The stairs were wide, wider than the hallway that led to them. Sophia had to wonder if that meant they expected a lot of people to move on them at once. There was something else odd about them, but she didn't manage to put her finger on it until she was nearly at the bottom of the single flight of stairs.

There was no handrail. There weren't even holes where one might have been in the past. The stairs stretched from one wall to the other, smooth, solid, and unbroken but dull like concrete, but that was the only thing in the stairwell.Sophia had seen that on other planets, sometimes, but she'd never seen a place on Earth with a wide set of stairs and no handrail.

Of course, this wasn't Earth.
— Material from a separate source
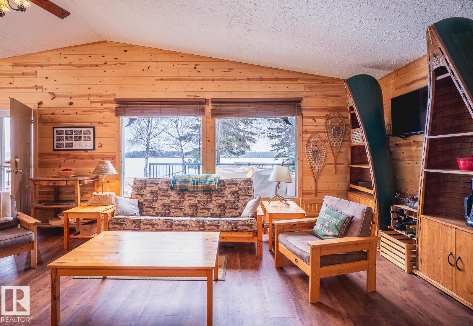 Year Round Lake House located at the picturesque Summer Village of Nakamun Park. This meticulously maintained property offers the perfect blend of comfort and convenience for year round living or weekend escapes. This home is complete with 2 bedrooms, Living Room with fireplace, Kitchen featuring dining area and pantry, as well as 3 piece. bathroom. Enjoy the outdoors from the spacious front and/or back deck with awning, firepit, beautiful lake front grounds and serene lake atmosphere. Heated garage with ...

It was odd how things like the lack of a handrail could rub that in when seemingly larger things were easier to get used to.

The stairs let out in front of another door. Sophia felt a little off balance at that; sure, there was no reason to expect the gigantic underground space to have more levels, but somehow she'd expected it to. It just seemed weird to carve out a square mile of space horizontally and not do more than two levels vertically.

Without even thinking about it, Sophia pushed the door open. On the other side of the door, her magelight revealed a lot of pale shapes in a large space. For a moment, she dared to hope that she was looking at equipment or something, but she had to discard that thought almost immediately when one of the large shapes turned to face her.

There was no intelligence in the look the skeleton of a ram gave her, but Sophia was still certain it saw her.